Identification of monomers/dimers in whole cell lysate via SDS-PAGE - (Nov/25/2007 )
I was hoping someone can help me out here.
I am planning to perform SDS-PAGE against whole cell lysates (mammalian cels) in order to determine my target protein.
Unfortunately, there is one thing that i need to clear before i can perform the experiment.
The protein that i am working with forms monomers within the cytoplasm but upon ligand binding, it dimerizes and is translocated into the nucleus.
By just treating my cells with the SDS loading buffer, would it be sufficient to lyse both the cell membrane and the nucleus membrane, thus allowing proteins from both the nucleus and cytoplasm to be analyzed? or would it be necessary for me to extract the nucleus from the cytoplasm fraction and analyze the fractions separately?
Thank you in advance.
you are right...SDS will take care of lysing both membranes...you can stick on to that..good luck
better is to subfractionize the cell in membrane fraction and nucleus;
of whole lysate you cannot assign the polypeptides to the subfraction;
are you sure that after separation by SDS-PAGE dimers are still dimerized? better to use native PAGE if it is not the case...
Thanks very much.
I am not really interested in subfractioning my samples cause i already know where they localize within the cell before and after dimerization.
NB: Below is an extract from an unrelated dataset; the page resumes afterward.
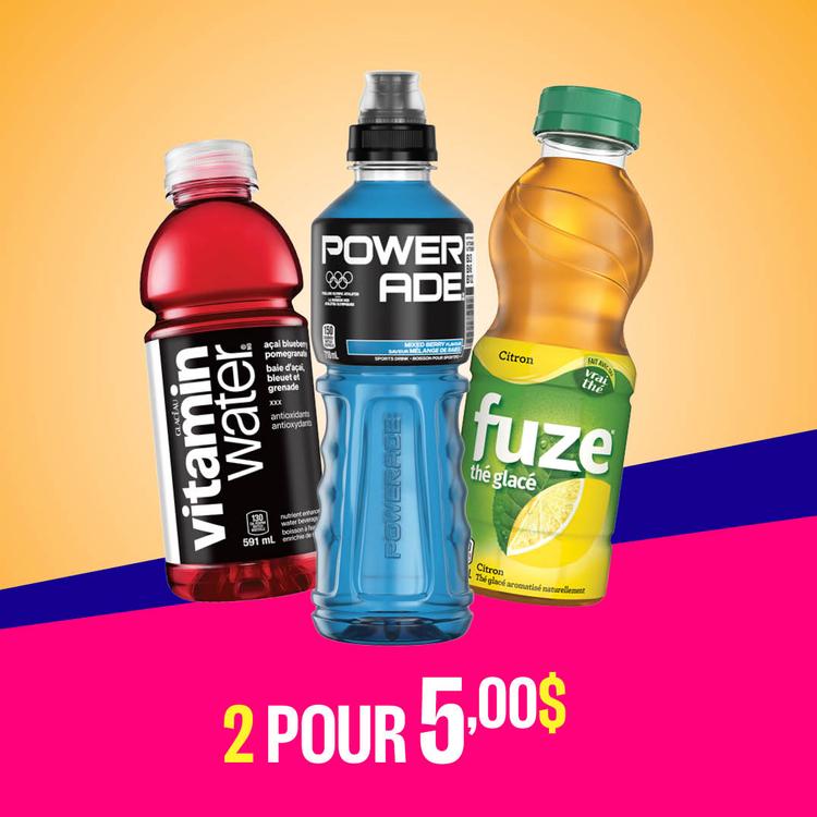 Combinez vos boissons préférées – BODYARMOR 473 ml, Powerade 710 ml, Fuze 500 ml, Smartwater 591 ml ou Glacéau Vitaminwater 591 ml – pour seulement 5 $. Choisissez-en deux, étanchez votre soif et économisez!

i was just curious whether SDS would take care and lyse both the cellular and nucleic membrane.
In the case of dimerization, i am not very sure.
I have read in the topics within the forum regarding native-PAGE but i understand that its difficult to actually tell the real size of my target protein.
Although i mentioned that the protein exists as a monomer prior to dimerization, but as a monomer, it binds to other proteins (to form a complex) to maintain their stability within the cytoplasm.
I don't really know the size of the monomer complex, so i can't really tell whether its my target protein or not.
That is why i though that SDS-PAGE would be the most effective way to determine my protein dimerization.
To look at dimerization via SDS-PAGE, I came up with some thoughts including:
1. Removing the sulfide bond treatment agents such as BME or DTT within my sample buffer.
2. Not to boil my samples as not to break the Van-der Waals bonds among the dimers.
I've actually not tried them out yet but hope to get some results out soon.
Any additional suggestions would help.
Anyway, thanks again for the advice.
I'll try working it out and see whether i get any promising results.